[Stored items from a collection]
################
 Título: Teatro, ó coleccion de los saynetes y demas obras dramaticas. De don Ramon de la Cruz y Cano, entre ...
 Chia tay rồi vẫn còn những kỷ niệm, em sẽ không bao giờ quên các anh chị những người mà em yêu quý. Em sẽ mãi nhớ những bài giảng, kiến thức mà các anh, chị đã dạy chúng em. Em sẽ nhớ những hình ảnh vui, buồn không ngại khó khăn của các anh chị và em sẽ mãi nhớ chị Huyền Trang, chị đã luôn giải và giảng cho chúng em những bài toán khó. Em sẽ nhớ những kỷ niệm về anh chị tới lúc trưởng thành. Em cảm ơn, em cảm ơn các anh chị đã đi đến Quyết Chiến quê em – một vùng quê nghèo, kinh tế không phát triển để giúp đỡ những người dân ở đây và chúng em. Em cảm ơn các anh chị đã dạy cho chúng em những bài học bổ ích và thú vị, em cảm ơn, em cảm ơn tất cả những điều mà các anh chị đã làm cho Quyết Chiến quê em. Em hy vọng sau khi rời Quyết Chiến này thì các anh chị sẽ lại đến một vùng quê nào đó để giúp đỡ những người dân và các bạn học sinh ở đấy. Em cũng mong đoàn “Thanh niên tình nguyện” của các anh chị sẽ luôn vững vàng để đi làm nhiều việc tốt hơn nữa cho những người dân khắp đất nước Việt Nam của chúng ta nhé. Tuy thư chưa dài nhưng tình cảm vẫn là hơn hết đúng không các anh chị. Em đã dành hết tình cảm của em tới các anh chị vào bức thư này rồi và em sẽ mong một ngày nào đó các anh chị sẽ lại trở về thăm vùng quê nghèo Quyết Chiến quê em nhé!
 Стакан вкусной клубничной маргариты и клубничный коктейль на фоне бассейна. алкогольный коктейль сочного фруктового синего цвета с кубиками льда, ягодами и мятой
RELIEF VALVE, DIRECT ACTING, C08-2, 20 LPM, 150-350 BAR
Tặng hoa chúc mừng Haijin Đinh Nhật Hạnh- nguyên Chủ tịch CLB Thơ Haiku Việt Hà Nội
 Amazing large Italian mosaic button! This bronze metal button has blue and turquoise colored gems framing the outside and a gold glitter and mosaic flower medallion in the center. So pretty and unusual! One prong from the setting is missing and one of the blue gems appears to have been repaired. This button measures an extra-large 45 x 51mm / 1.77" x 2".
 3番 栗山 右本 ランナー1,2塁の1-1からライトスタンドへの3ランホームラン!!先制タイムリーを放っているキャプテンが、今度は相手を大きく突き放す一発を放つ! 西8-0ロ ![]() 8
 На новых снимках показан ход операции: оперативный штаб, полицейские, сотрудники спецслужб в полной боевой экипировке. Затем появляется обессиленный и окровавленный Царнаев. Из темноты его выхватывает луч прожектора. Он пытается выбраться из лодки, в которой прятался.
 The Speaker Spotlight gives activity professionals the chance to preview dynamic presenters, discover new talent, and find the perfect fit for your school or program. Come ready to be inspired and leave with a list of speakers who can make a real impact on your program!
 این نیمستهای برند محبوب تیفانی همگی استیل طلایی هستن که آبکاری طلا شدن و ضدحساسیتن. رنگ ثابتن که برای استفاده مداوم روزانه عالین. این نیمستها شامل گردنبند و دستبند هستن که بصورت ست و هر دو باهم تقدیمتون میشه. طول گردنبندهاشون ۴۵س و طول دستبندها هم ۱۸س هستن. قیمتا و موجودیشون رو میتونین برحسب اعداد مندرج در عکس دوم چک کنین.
################
§ Exercise description:
Would you please reproduce the records above exactly, only from their first line through the line holding "Tặng hoa chúc", with both ends included?

§ Task solution:
 Título: Teatro, ó coleccion de los saynetes y demas obras dramaticas. De don Ramon de la Cruz y Cano, entre ...
 Chia tay rồi vẫn còn những kỷ niệm, em sẽ không bao giờ quên các anh chị những người mà em yêu quý. Em sẽ mãi nhớ những bài giảng, kiến thức mà các anh, chị đã dạy chúng em. Em sẽ nhớ những hình ảnh vui, buồn không ngại khó khăn của các anh chị và em sẽ mãi nhớ chị Huyền Trang, chị đã luôn giải và giảng cho chúng em những bài toán khó. Em sẽ nhớ những kỷ niệm về anh chị tới lúc trưởng thành. Em cảm ơn, em cảm ơn các anh chị đã đi đến Quyết Chiến quê em – một vùng quê nghèo, kinh tế không phát triển để giúp đỡ những người dân ở đây và chúng em. Em cảm ơn các anh chị đã dạy cho chúng em những bài học bổ ích và thú vị, em cảm ơn, em cảm ơn tất cả những điều mà các anh chị đã làm cho Quyết Chiến quê em. Em hy vọng sau khi rời Quyết Chiến này thì các anh chị sẽ lại đến một vùng quê nào đó để giúp đỡ những người dân và các bạn học sinh ở đấy. Em cũng mong đoàn “Thanh niên tình nguyện” của các anh chị sẽ luôn vững vàng để đi làm nhiều việc tốt hơn nữa cho những người dân khắp đất nước Việt Nam của chúng ta nhé. Tuy thư chưa dài nhưng tình cảm vẫn là hơn hết đúng không các anh chị. Em đã dành hết tình cảm của em tới các anh chị vào bức thư này rồi và em sẽ mong một ngày nào đó các anh chị sẽ lại trở về thăm vùng quê nghèo Quyết Chiến quê em nhé!
 Стакан вкусной клубничной маргариты и клубничный коктейль на фоне бассейна. алкогольный коктейль сочного фруктового синего цвета с кубиками льда, ягодами и мятой
RELIEF VALVE, DIRECT ACTING, C08-2, 20 LPM, 150-350 BAR
Tặng hoa chúc mừng Haijin Đinh Nhật Hạnh- nguyên Chủ tịch CLB Thơ Haiku Việt Hà Nội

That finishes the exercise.